When vaccinations were introduced the amount of deaths by diseases decreased. Variolation was
the first vaccination and was against smallpox. Lady Montague took the practice of infecting with a
minor form of smallpox to England where it was tested on prisoners and children. There were several
theories that would explain the mechanism of how it works. Robert Hooke discovered cells and
Rudolph Virchow found out there were different cells, he described pathological changes to cells. For
the germ theory Robert Koch and Louis Pasteur were important investigators.
The immune system tries to restore balance in the body and thereby keep you healthy. The balance
in the body can be disturbed by bacteria, viruses, fungi, parasites and objects. Also it can be
disturbed by the removal of dead cells, artificial objects, tumors and tumor cells and damaged
molecules.
Cellular alarm systems detect whether there
is something wrong with the cell. Epithelial
barriers are the walls around the cells that
keep unwanted things from entering. Inside of
these cells there are tissue-resident immune
cells that protect the cells and see if all the
cells are healthy. When the tissue-resident
immune cells are not capable of restoring the
balance in the cells the bone marrow comes
to help. There are cells that clean up the mess
made. When these cells cannot handle it, the
specialised help from lymphocytes is required.

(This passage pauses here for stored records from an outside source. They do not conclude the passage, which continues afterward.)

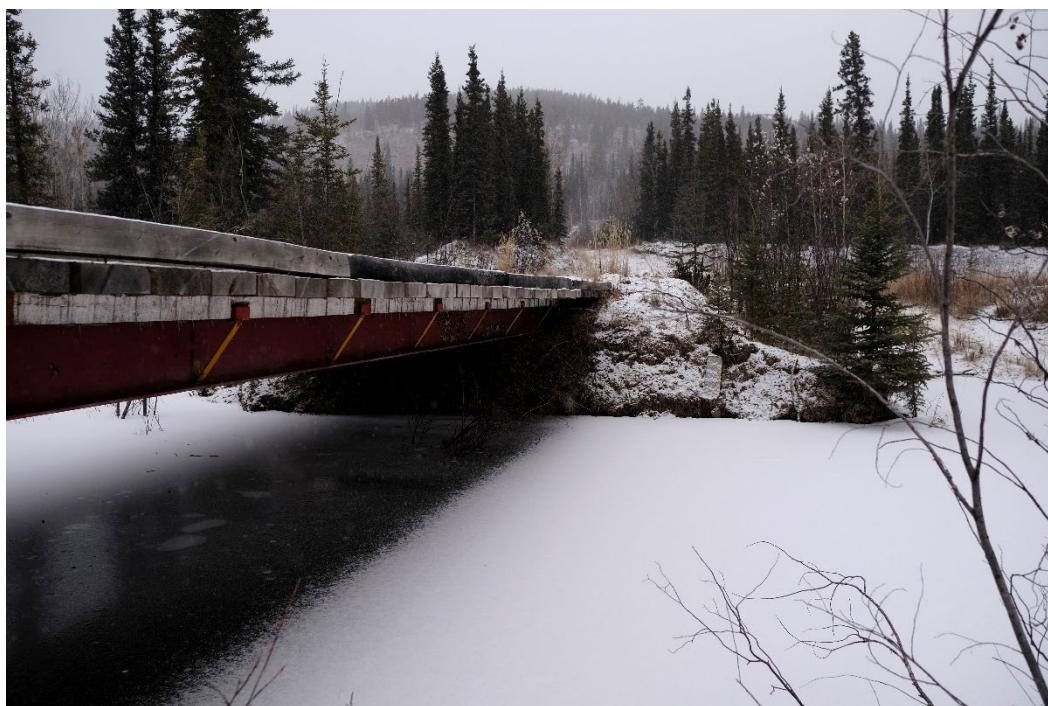
Photograph 16: Bridge Crossing at Merrice Creek – Downstream Side
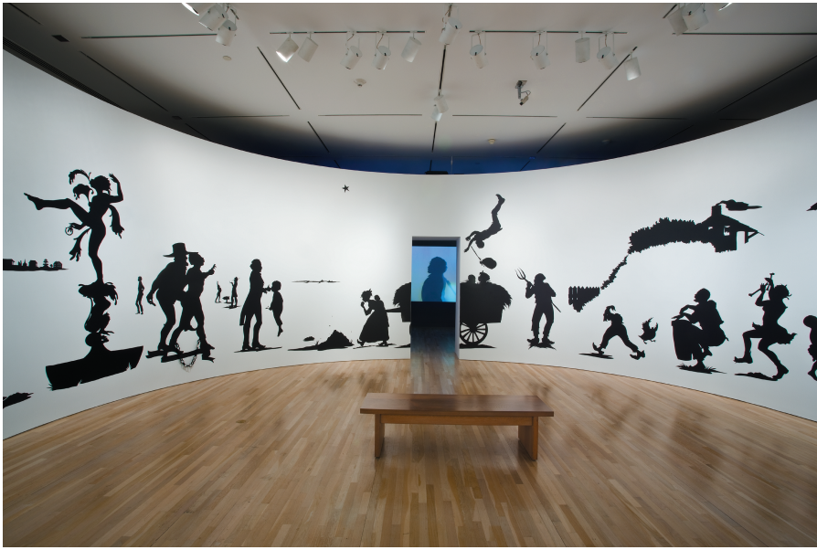
Figure 5 Kara Walker, Slavery! Slavery! Presenting a GRAND and LIFELIKE Panoramic Journey into Picturesque Southern Slavery or “Life at ‘Ol’ Virginny’s Hole’ (sketches from Plantation Life)” See the Peculiar Institution as never before! All cut from black paper by the able hand of Kara Elizabeth Walker, an Emancipated Negress and leader in her Cause [detail](1997). Cut paper on wall, 11 × 85 feet (3.4 × 25.9 m). Installation view: Kara Walker: My Complement, My Enemy, My Oppressor, My Love, Hammer Museum, Los Angeles, 2008.

when a white mistress enters the yard of the slave quarters and finds a slave man playing the banjo and a slave child dancing with his mother. Johnson is known as “a painter of black scenes” who introduced the perspective of African American slaves into his pictures and created an ambiguous image of slavery that was acclaimed by both antislavery and proslavery advocates. 25 Produced two years before the outbreak of the Civil War, however, Johnson’s Old Kentucky Home has been generally recognized as perpetuating the myth of a harmonious plantation life while disguising the inhumane treatment of slaves that defines the peculiar institution of American slavery. 26
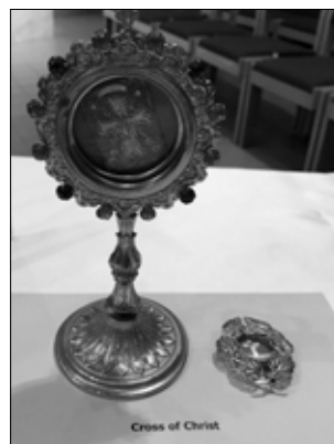
Saint Relics Display: Cross of Christ

These lymphocytes can either be T-helper
cells, navigate other cells, or Cytotoxic T-cells,
kill cells. B cells and lymphocytes produce
antibodies. The innate immune system is very
fast but not flexible and does not have to
develop after birth, it is not specific therefore
it has limited recognition, limited memory and
limited recognition of self. The adaptive
immune system is specific, flexible but is slow,
it is able to recognize millions of antigens and
memorize these, it distinguishes self from
nonself, has fast expansion and needs to develop after birth. Immune cells develop from the bone
marrow or yolk sac/fetal liver. These cells develop into a progenitor cell that can differentiate into
many types of cells.
For effective immunity there are requirements:
- Barriers for prevention
- Recognition, for detection and identification of the foreign substance
- Communication and organization, coordination to mount the most optimal immune response
, - Effector mechanisms, to destruct or suppress the invading pathogen.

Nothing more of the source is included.